The musicians and writers whose art presaged and influenced and influenced The Sixties.
By Michael Goldberg.
On Highway 61 – Music, Race and the Evolution of Cultural Freedom, Dennis McNally, Counterpoint Press (471 pages)
Let me start at the end and tell you that the final section of On Highway 61, some 120 pages, provides the best portrait of Bob Dylan and his creativity, what nurtured it, and how it evolved, that I’ve read to date.
Additionally, author Dennis McNally focuses on how Dylan’s worldview – and the songs he wrote and/or sung – can be characterized as part of the ongoing search for freedom in all it’s manifestations, physical, spiritual and cultural. And more. Dylan was at least as influenced by the music made by African Americans, as he was by white country and folk musicians. And this is important, as it is simply one of many examples in this terrific book that make the case that African Americans are primarily responsible for what is truly great in American music.
But there are other reasons it’s appropriate to start with Dylan. Like some of that artist’s surrealist (or perhaps hyper-real) songs of 1965 – “Desolation Row,” “Ballad of a Thin Man” and “Bob Dylan’s 115th Dream” — McNally has populated his book with an incredible array of iconic figures — including Henry David Thoreau, Miles Davis, Mark Twain, Bessie Smith and Jack Kerouac – who, like Dylan, have allowed those who have paid attention to their art to experience, as McNally puts it, “a widening of vision, a softening of the heart, and an increase in tolerance.”
No Anita Ekberg (“to make the country grow”)) and no Shakespeare (“with his pointed shoes and his bells”), but what the hell.
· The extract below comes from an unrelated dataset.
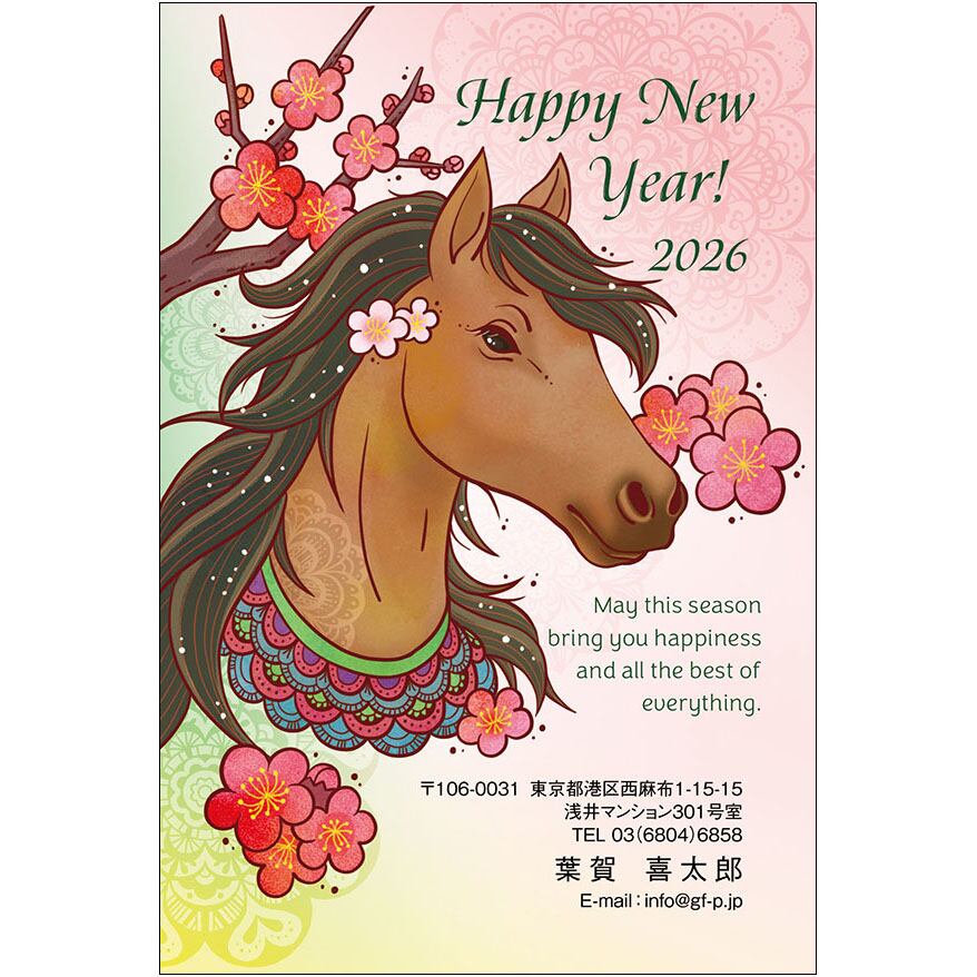 2026午年用の年賀状デザインです。インクジェットプリンターなどで、はがきに印刷してお使いください。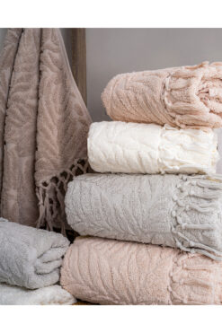 Merinos Ekru Pırıltı Çift Kişilik Embos Battaniye Kemik Silver

As artfully as Dylan in his songs, McNally has made his superhuman crew fit seamlessly into this treatise on cultural freedom. In fact, those artists and their work is the story of cultural freedom.
And what is cultural freedom?
Leave it to Mr. Dylan, who McNally quotes from a 1987 US magazine interview, to give us a clue.
“When I first heard Elvis’s voice I just knew that I wasn’t going to work for anybody and nobody was gonna be my boss,” Dylan said. “Hearing him for the first time was like busting out of jail.”
Art that makes you feel like busting out of jail. That would be one definition.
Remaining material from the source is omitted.